● **EXERCISE**:
From the first line of the entries below through the line holding "Pair Of Cowboys", write out every line exactly, please, and leave out the pictures.

● **SUPPLIED MATERIAL**:
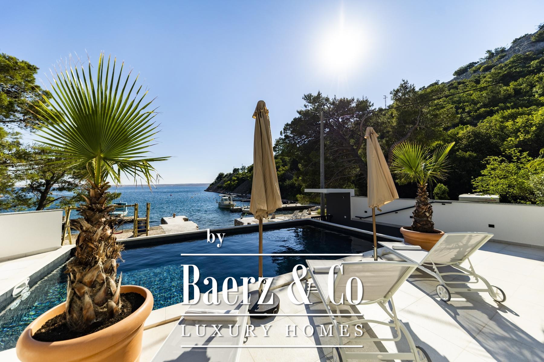 Expansive glass, triple-layered and well insulated, draws in light and frames the Adriatic, while underfloor heating and a fireplace ensure year-round warmth and calm. The main living space, elegantly proportioned, flows into a modern kitchen curated for both ease and sophistication. Outdoor areas invite languid afternoons beside the 32 m² seawater pool, in the jacuzzi, sauna, or at the private gym, with direct access to the sea and a pier that includes a boat slipway system for yacht owners.
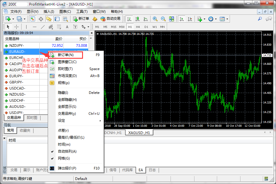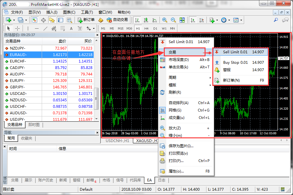 注:登录实盘帐号要选择服务器ProfitMarketHK-Live2登录
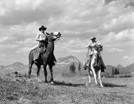 Pair Of Cowboys On Horseback At Glacier Fifty Mountain Camp
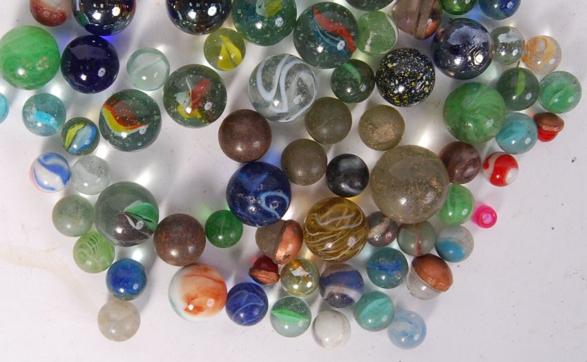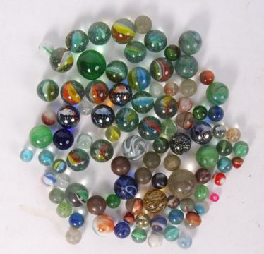 A collection of marbles ( some possibly Victorian) of various shapes and sizes to include; onion skin & blank marbles.
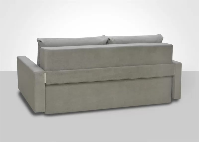 Классический минимализм. Узкий подлокотник, комфортные подушки со съемными чехлами, широкое спальное место.
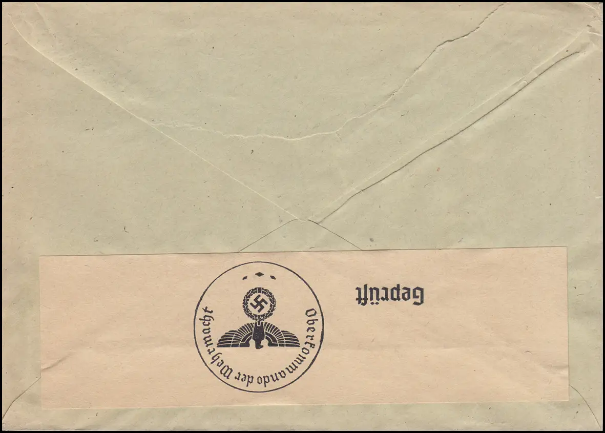 Portogerechte Einzelfrankatur auf Auslandsbrief der Firma Artibus et Literis Gesetllschafz für Geistes- und Naturwissenschaften mbH in Babelsberg als Zensurpost "Geprüft - Oberkommando der Wehrmacht" nach Schweden. Rollenmarke aus Automaten - siehe Zähnung.
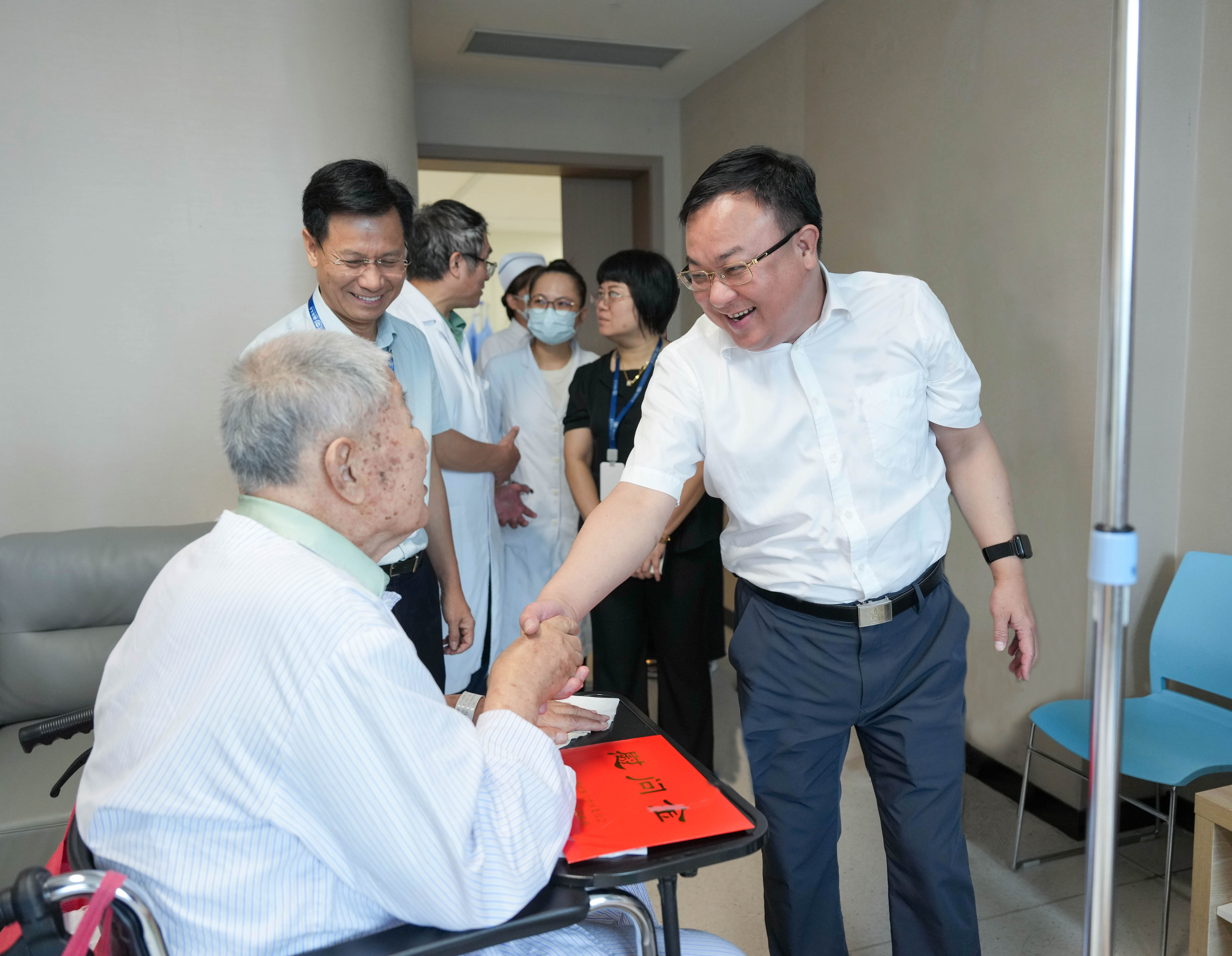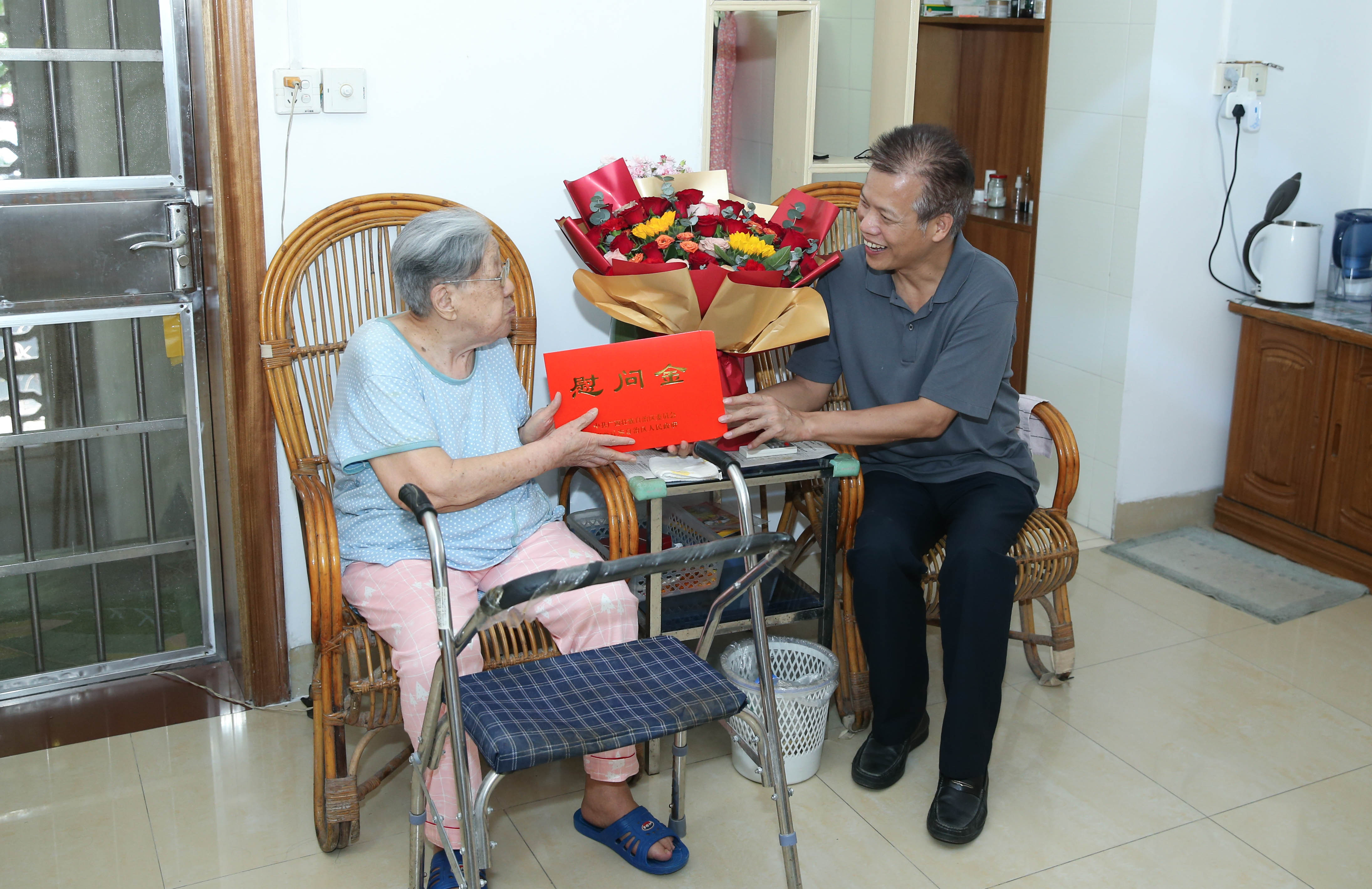 9月26日,唐标文来到前海人寿南宁医院,看望慰问在此疗养的离休干部刘贤明。“刘老您身体最近怎么样?我们来看望您了!”唐标文详细询问刘贤明的身体状况和生活情况,送上慰问品和慰问金,感谢他一直以来为党和国家事业作出的积极贡献,祝他健康长寿、阖家幸福。

● **PROBLEM SOLUTION**:
 Expansive glass, triple-layered and well insulated, draws in light and frames the Adriatic, while underfloor heating and a fireplace ensure year-round warmth and calm. The main living space, elegantly proportioned, flows into a modern kitchen curated for both ease and sophistication. Outdoor areas invite languid afternoons beside the 32 m² seawater pool, in the jacuzzi, sauna, or at the private gym, with direct access to the sea and a pier that includes a boat slipway system for yacht owners.
 注:登录实盘帐号要选择服务器ProfitMarketHK-Live2登录
 Pair Of Cowboys On Horseback At Glacier Fifty Mountain Camp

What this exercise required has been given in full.